I think it would be hard to implement an anonymous system as to who votes or doesn’t vote, especially when there is a some testing to prove competencies to get the right to vote.
How would the public know that the right people were actually voting?
— -
I have encountered a few anarchists (the philosophical kind) in my internet travels. In principle, I would agree with them: people should work together to resolve their difference rather relying on arbitrators of power.
But if I don’t like my neighbor’s rooster crowing at 5:00 a.m. and the smell of chicken shit in my backyard and he tells me to “go to hell,” my only recourse if don’t want roosters waking me up — without a government — is to shoot my neighbor.

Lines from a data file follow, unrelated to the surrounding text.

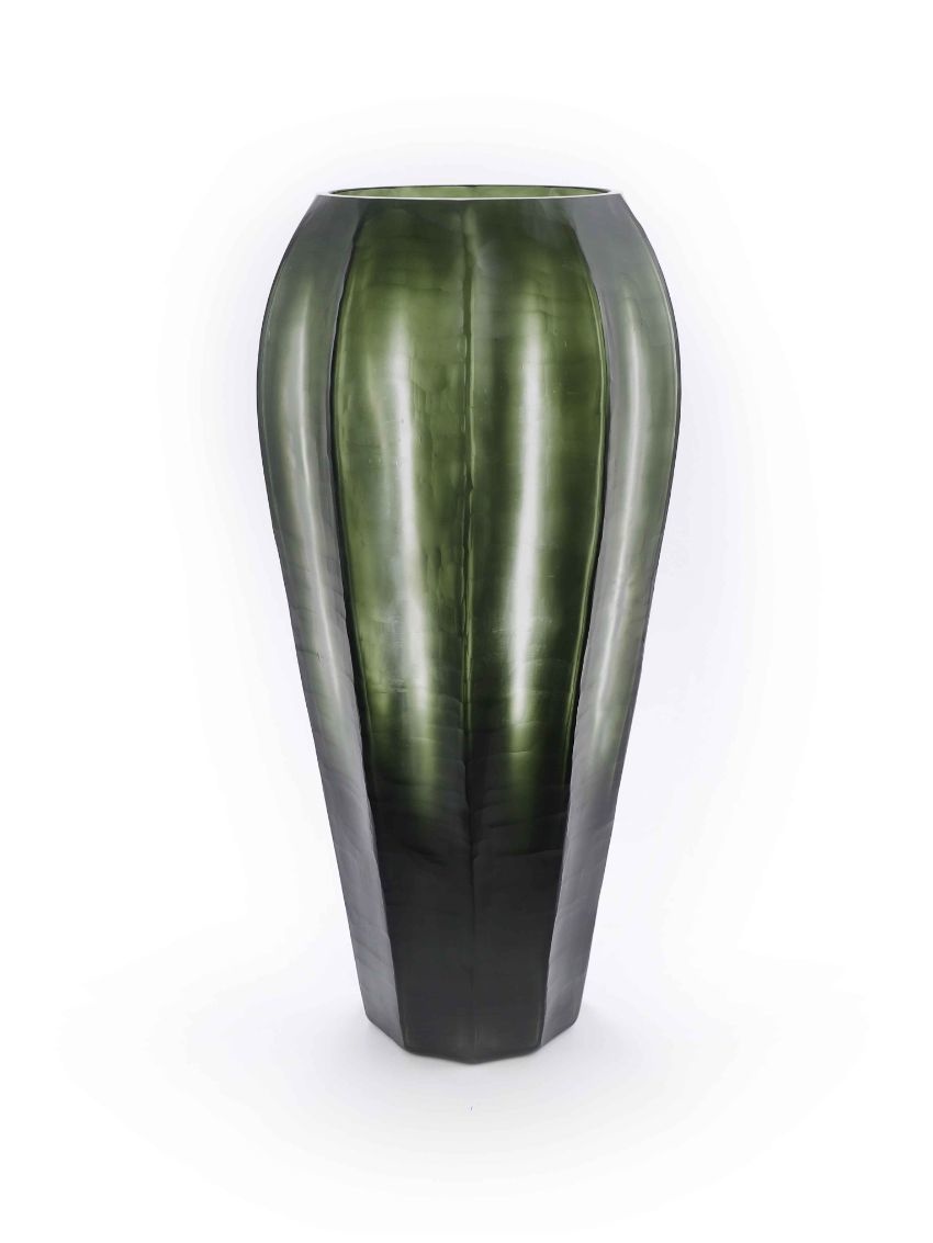 Le vase a une couleur «verte» moderne et tire son aspect luxueux de la méthode de production traditionnelle. Chaque article est soufflé à la bouche et fabriqué à la main, de sorte que les imperfections mineures font partie du produit. Vase Pyrite est disponible en 2 tailles différentes, un bol et une bougie chauffe-plat , terminez votre coiffage en une seule fois en combinant différentes tailles.
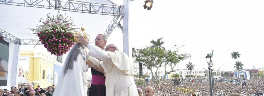 Después del acto con los consagrados, el Papa se dirigió a la Plaza de Armas de Trujillo, para participar en el último acto previsto en la ciudad peruana: una celebración en honor a la Virgen de la Puerta. Desde ahí, el Pontífice condenó sin paliativos la violencia machista. “Mirando a las madres y a las abuelas, quiero invitarlos a luchar contra una plaga que afecta a nuestro continente: los casos de feminicidio”, sentenció el Papa que invitó a los asistentes a la oración comunitaria a “luchar contra esta fuente de sufrimiento pidiendo que se promueva una legislación y una cultura de repudio a toda forma de violencia”.
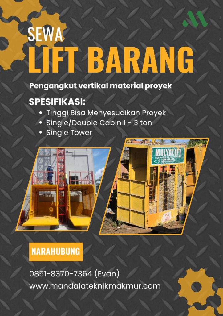 Mandala Teknik Makmur adalah perusahaan penyedia Lift Barang 1 – 3 Ton dan berbagai alat-alat proyek konstruksi yang terpercaya sejak 2015, dengan berbagai pengalaman dari proyek BUMN maupun Swasta kami siap mendukung berbagai kebutuhan proyek anda mulai dari skala kecil hinnga besar.
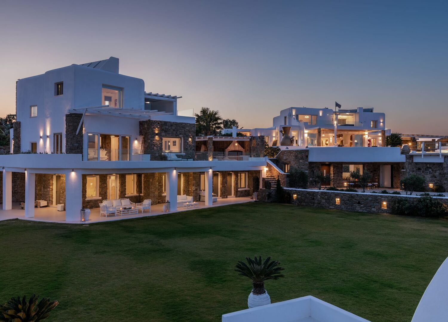 Amidst the panoramic views of the Aegean and pristine natural settings, you'll find expansive living, dining, and entertainment areas strategically appointed around sparkling pools.
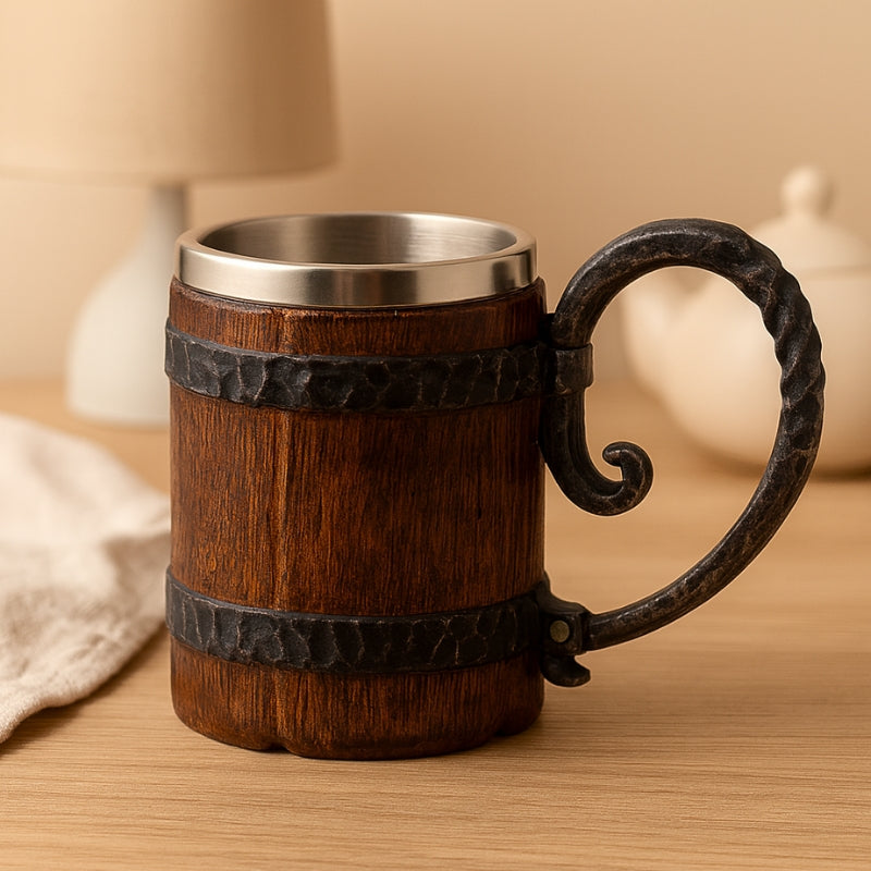 VikWood – Vintage ølkrus med trætønde-design
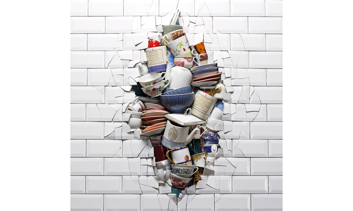 Ivan Tozzo usa la sua conoscenza del mosaico reinterpretandolo con caparbietà, rincorrendo tessere e colori per creare sculture moderne. Qui con ‘Le mie tazze rotte’ stipate e strabordanti dal muro piastrellato, forse vuole ricordarci quanto vasellame usiamo nella nostra vita.
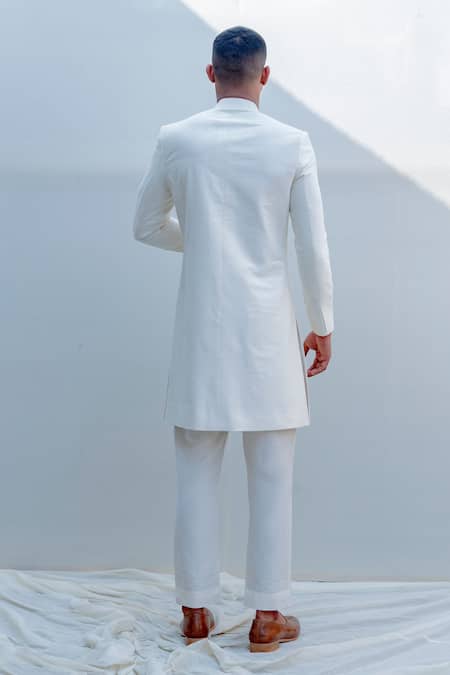 Off white achkan style sherwani with front button placket & patch pocket. Paired with shirt, elasticated pant & pocket square.

So the anarchist comes back with “well your neighbor needs to learn how to be more civil and understanding that you have needs as well.” Which is exactly my point. He is not there — and does not want to be there.
Humanity is at a point where we really can’t put ourselves into an anarchy. We need arbitrators of power to resolve our differences. No my neighbor cannot have a chicken coop in his urban backyard, but he still has lots of other freedoms to enjoy his property.
In a like manner, Mr. Lees’ version of direct democracy is a system of governance we are not ready for. It could work, but not in this century. And it will require a retraining of society, something which Mr. Lees did not go into much detail of how to do this.
Representative democracy has done a pretty good job at resolving many of differences such that we still have a lot of freedom. In this century, we need to build from that experience.